To facilitate progress in this goal, we introduce Natural-Instructionsv2 [v1], a benchmark of 1,600+ diverse language tasks and their expert-written instructions. It covers 70+ distinct task types, such as tagging, in-filling, and rewriting. These tasks are collected with contributions of NLP practitioners in the community and through an iterative peer review process to ensure their quality. With this large and diverse collection of tasks, we are able to rigorously benchmark cross-task generalization of models—training on a subset of tasks and evaluating on the remaining unseen ones. For instance, we quantify generalization as a function of various scaling parameters, such as the number of observed tasks, the number of instances, and model sizes.

Based on these insights, we introduce Tk-Instruct, an encoder-decoder T5 Transformer that is trained to follow a variety of in-context instructions (plain language task definitions or k-shot examples) which outperforms existing larger models on our benchmark.

We hope this benchmark facilitates future progress toward more general-purpose language understanding models.

Figure 5: Scaling trends of models performance as a function of (a) the number of training tasks; (b) the number of instances per training task; (c) model sizes. x-axes are in log scale. It is promising to see that the performance improves log-linearly with an increasing number of observed tasks and model size.
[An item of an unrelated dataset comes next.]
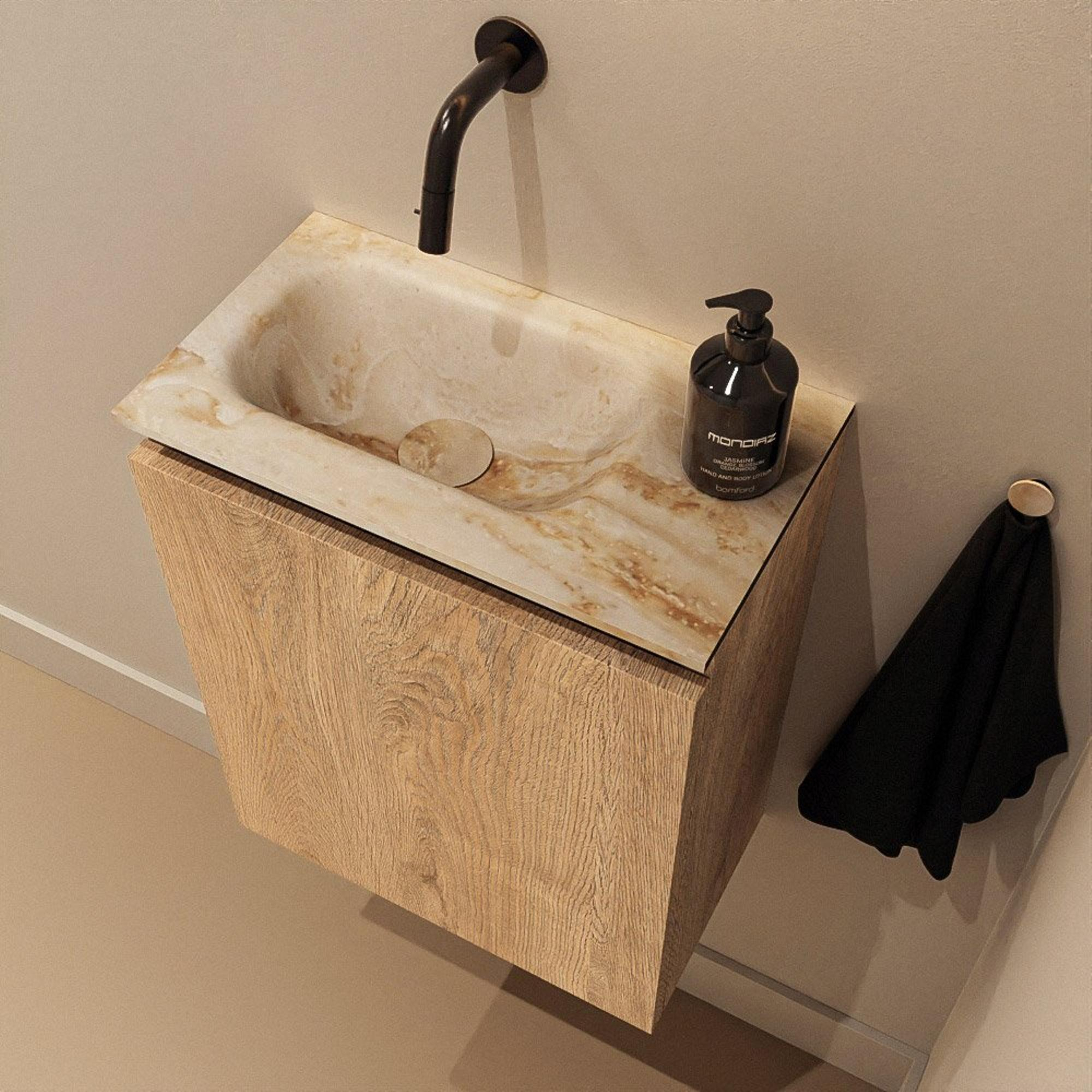 Si vous recherchez un meuble compact mais élégant pour vos toilettes ou une petite salle de bains, cette combinaison est un choix judicieux. Grâce à sa faible profondeur, il occupe à peine de place, tout en vous offrant un lavabo complet et un espace de rangement pratique. L'aspect chaleureux du bois crée immédiatement une ambiance accueillante, idéal si vous aimez un style moderne mais pas trop strict. Grâce au lavabo positionné à gauche, vous pouvez parfaitement adapter l'agencement à votre espace, par exemple à côté des toilettes ou en face de la porte. La combinaison avec un plan de lavabo solide dans une teinte beige douce rend l'ensemble calme et intemporel, ce qui le rend parfait aussi bien pour les nouveaux WC que pour les toilettes rénovées. Cela rend le meuble particulièrement adapté à ceux qui souhaitent combiner confort, design et facilité d'utilisation dans une configuration WC compacte.

Although, the performance does not gain from increasing number of instances.

…5.2 Scaling Trends of Generalization: In this section, we study the Tk-INSTRUCT’s generalization performance with respect to 3 important scaling factors: the number of training tasks, the number of instances per task, and the model sizes. We conduct these experiments only on our English tasks. Figure 5 presents the performance change by scaling each of them.

…Benefit of instructional elements: As shown in Figure 1, NATINSTv2 provides multiple elements for instructing a new task. To find the optimal instruction encoding, we trained multiple models with different combinations of these elements. The diagonal elements of Table 4 show the performance of our models when trained and evaluated on a particular instruction encoding. Based on the diagonal numbers, we can see that the addition of task definition is necessary for a successful generalization of the model. Moreover, the definition and example are somehow complementary. Combining them yields large improvement. Adding more demonstration examples does not seem to bring a lot of difference.